Everyone who knows me thinks I'm strong, but only I know that I'm so fragile that I'm worthless with tears;
Everyone who knows me thinks I'm serious, in fact, only those friends who get along with me day and night know that I'm not serious at all, and occasionally very immodest;
Everyone who knows me thinks that I am very independent, very bold, very career, in fact, only I know, I am a very family-loving little woman with no ambition, I will hesitate when I encounter a small choice, and then the big opportunity is in front of me, no one's encouragement I will also timidly give up, smile at all the people I know every day, but I am afraid to call strangers.

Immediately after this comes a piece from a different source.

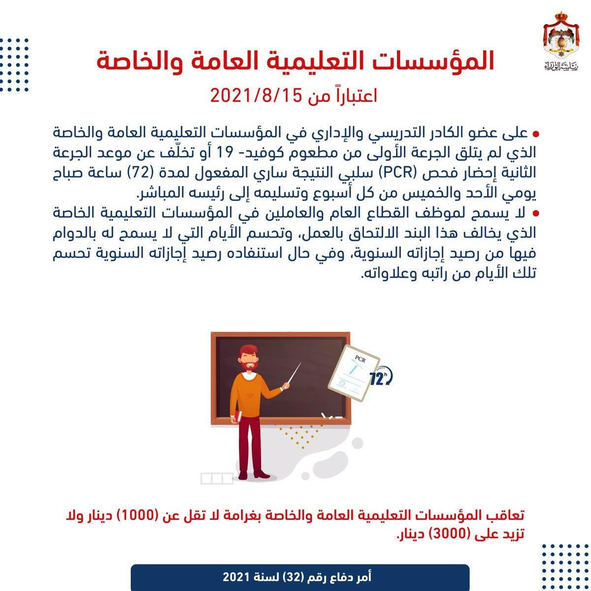 وبحسب أمر الدفاع 32، يتوجب على كل عضو هيئة تدريسية أو إدارية أو طالب في أي من مؤسسات التعليم العالي لم يتلق الجرعة الأولى من المطعوم أو تخلف عن موعد الجرعة الثانية إحضار فحص كورونا (بي سي آر) سلبي النتيجة ساري المفعول لمدة (72) ساعة صباح يومي الأحد والخميس من كل أسبوع ويسلمه إلى رئيسه المباشر، وبالنسبة للطالب يسلمه إلى عميد الكلية أو من يفوضه.
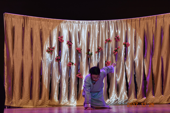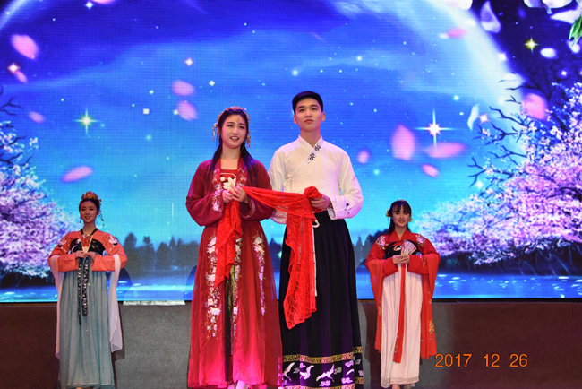 在一段简短的迎新年祝福视频之后,演出正式开始。艺术团炫舞海浪劲舞队为观众带来了饱含激情和青春风采的《征途》,充满力量和斗志的舞蹈预示着我们即将踏上不断奋斗和砥砺前行的新一年;海之风器乐队合奏的《happy poker》节奏动感,充满新年的喜庆;独唱《当我想你的时候》、民舞《紫竹情》、小合唱《彩虹》紧凑有序展现,将观众带入清新雅致的新年氛围中;海之影模特队的国风走秀《苏幕遮》给观众带来了一场“汉服、昆剧、水乡、江南”的视觉盛宴,将晚会推上了一个高潮。

In this world, too many people are lonely and happy, and there are too many empty busy people, and we all forget who we are. We are looking for who we are again. Tonight I suddenly saw an article that was very touching, and suddenly I wanted to know my unknown side. In fact, I understand that there is too much helplessness and bitterness in the world that cannot be said and cannot be vented.
We are all trying to live, but we don't know where the road ahead is, we are confused and looking, we are happy in suffering, and then what?
I don't know when we started hugging ourselves tightly, tightly, afraid of trying to get closer, when we faced the survival of society? Is it after we have been deceived and betrayed by our friends, lovers, and colleagues? So we locked ourselves up and put on our masks.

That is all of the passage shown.